Giovanni Battista Gallizioli or Gallicciolli (17 May 1733 – 12 May 1806) was an Italian philosopher, hebraist, orientalist, historian, archaeologist and philologist, catholic priest and citizen of the Republic of Venice.

== Life ==
Giovanni Battista Gallizioli was born in Venice in 1733 to Paolo and Adriana Grismondi. In 1749 he entered the catholic priesthood and began wider studies, ranging from theology to philosophy, from history to ancient literature, and the eastern languages, especially Hebrew (his master was the rabbi Simchah ben Abraham Calimani), the Syriac and the Chaldean. He also gained knowledge of English and French as well as of mathematics and geometry.

For a time he was employed as a private teacher, but in December 1782 he was called to take the Greek and Hebrew chair in Venice. According to some biographers, Gallicciolli rejected the chair of Oriental languages at the University of Parma.
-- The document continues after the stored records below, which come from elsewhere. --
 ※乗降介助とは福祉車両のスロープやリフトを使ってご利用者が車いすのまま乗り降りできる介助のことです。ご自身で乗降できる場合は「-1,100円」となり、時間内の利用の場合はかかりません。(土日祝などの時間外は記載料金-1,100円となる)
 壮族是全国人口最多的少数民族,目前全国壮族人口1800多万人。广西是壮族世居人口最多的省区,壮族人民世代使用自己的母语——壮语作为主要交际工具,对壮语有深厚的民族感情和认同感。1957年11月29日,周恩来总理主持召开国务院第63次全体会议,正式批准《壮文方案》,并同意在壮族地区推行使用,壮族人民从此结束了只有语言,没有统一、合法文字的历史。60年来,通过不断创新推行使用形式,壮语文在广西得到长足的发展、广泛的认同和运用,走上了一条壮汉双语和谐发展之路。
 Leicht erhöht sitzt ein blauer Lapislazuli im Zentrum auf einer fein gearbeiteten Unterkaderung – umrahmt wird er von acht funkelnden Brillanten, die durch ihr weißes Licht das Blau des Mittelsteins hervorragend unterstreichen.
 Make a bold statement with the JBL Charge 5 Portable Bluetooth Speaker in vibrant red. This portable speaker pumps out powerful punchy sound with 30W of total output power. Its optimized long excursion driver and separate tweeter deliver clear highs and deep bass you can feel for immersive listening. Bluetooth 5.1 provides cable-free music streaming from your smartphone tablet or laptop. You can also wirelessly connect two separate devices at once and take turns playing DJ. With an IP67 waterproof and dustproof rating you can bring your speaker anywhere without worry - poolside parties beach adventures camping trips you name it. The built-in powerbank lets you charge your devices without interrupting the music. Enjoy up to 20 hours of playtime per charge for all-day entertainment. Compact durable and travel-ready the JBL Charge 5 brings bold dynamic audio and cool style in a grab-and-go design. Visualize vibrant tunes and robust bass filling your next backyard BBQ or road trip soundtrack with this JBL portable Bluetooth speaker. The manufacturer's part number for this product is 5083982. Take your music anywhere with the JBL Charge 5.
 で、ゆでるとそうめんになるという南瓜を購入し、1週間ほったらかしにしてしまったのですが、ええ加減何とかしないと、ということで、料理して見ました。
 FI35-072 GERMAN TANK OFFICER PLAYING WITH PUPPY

He also rejected the proposal of Andrea Querini who wanted him at the University of Padua. He accepted, however, to teach Greek for free to the masters of the Patriarchal Seminary of Venice.

His entire life was divided between his activities of scholar, philologist and priest in San Cassiano, his native parish.

From the very beginning, Galliccioli distinguished himself, in Venice and beyond, as an academic of Jewish language and culture. Between 1774 and 1805 he was in close contact with Giovanni Bernardo De Rossi, with whom he had correspondence on philological questions. He was also a friend of Jacopo Nani and Andrea Memmo, for whom he studied ancient inscriptions and codes.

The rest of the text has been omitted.